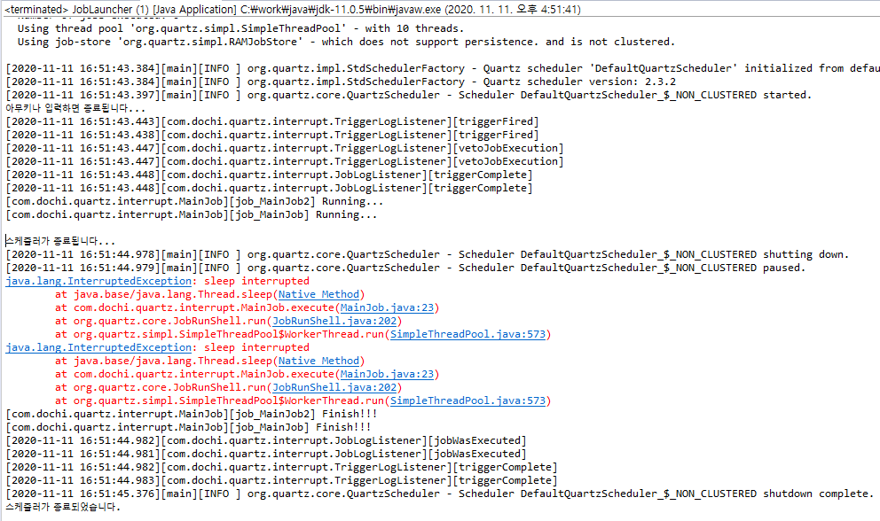 - 이미 Job이 실행중이라면 위와같이 InterInterruptedException이 발생함.
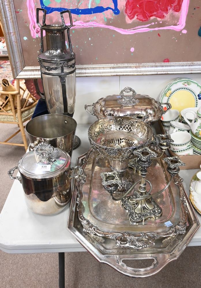 Large Group of Assorted Items, to include modern trays, place mats, gilt lacquered plates, Nacco enameled pot, Dansk dish, danish tray, glass plates, and brass pots.
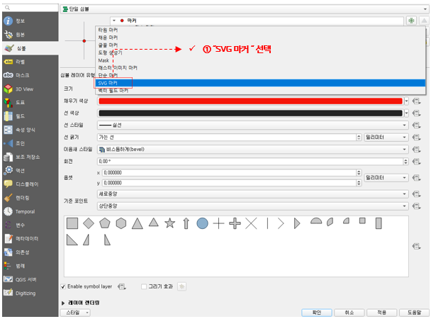 여기서 "SVG 마커"를 찾아서 선택해 줍니다.
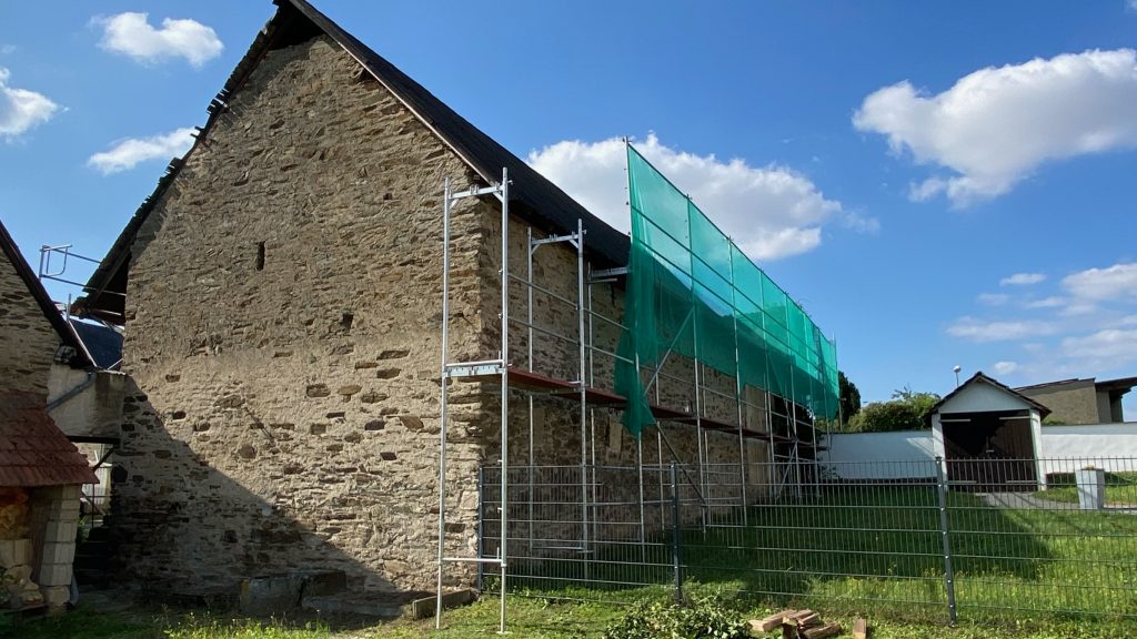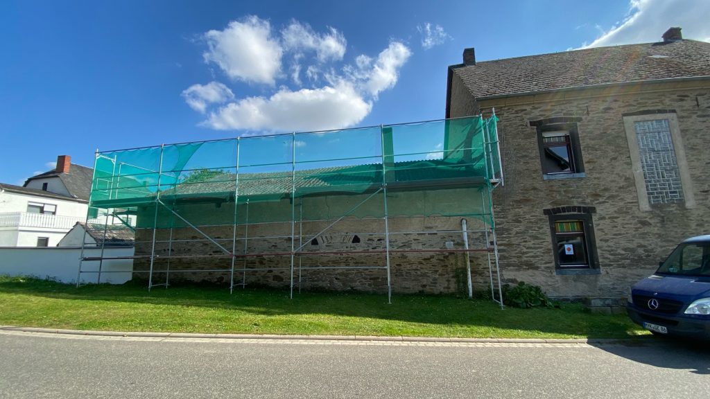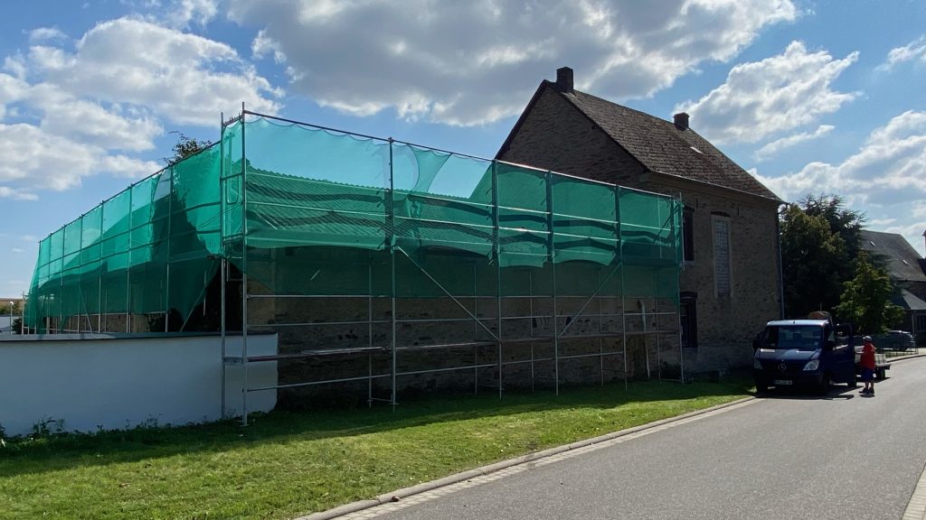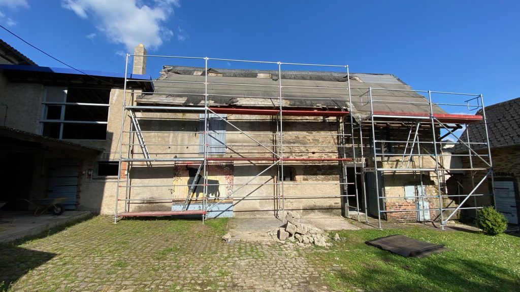 …das Gerüst wird heute gestellt, damit unser Zimmermann und Dachdecker das alte Dach abreissen kann. Wir sind so froh, dass es endlich (!) mit den Abriss- und Neubauarbeiten losgehen kann. Drückt uns mal ganz feste die Däumchen, damit nun mal alles wie am Schnürchen weitergeht.

Task brief:
When copying the listing, print each line exactly but leave out every picture.

Solution to the exercise:
 - 이미 Job이 실행중이라면 위와같이 InterInterruptedException이 발생함.
 Large Group of Assorted Items, to include modern trays, place mats, gilt lacquered plates, Nacco enameled pot, Dansk dish, danish tray, glass plates, and brass pots.
 여기서 "SVG 마커"를 찾아서 선택해 줍니다.
 …das Gerüst wird heute gestellt, damit unser Zimmermann und Dachdecker das alte Dach abreissen kann. Wir sind so froh, dass es endlich (!) mit den Abriss- und Neubauarbeiten losgehen kann. Drückt uns mal ganz feste die Däumchen, damit nun mal alles wie am Schnürchen weitergeht.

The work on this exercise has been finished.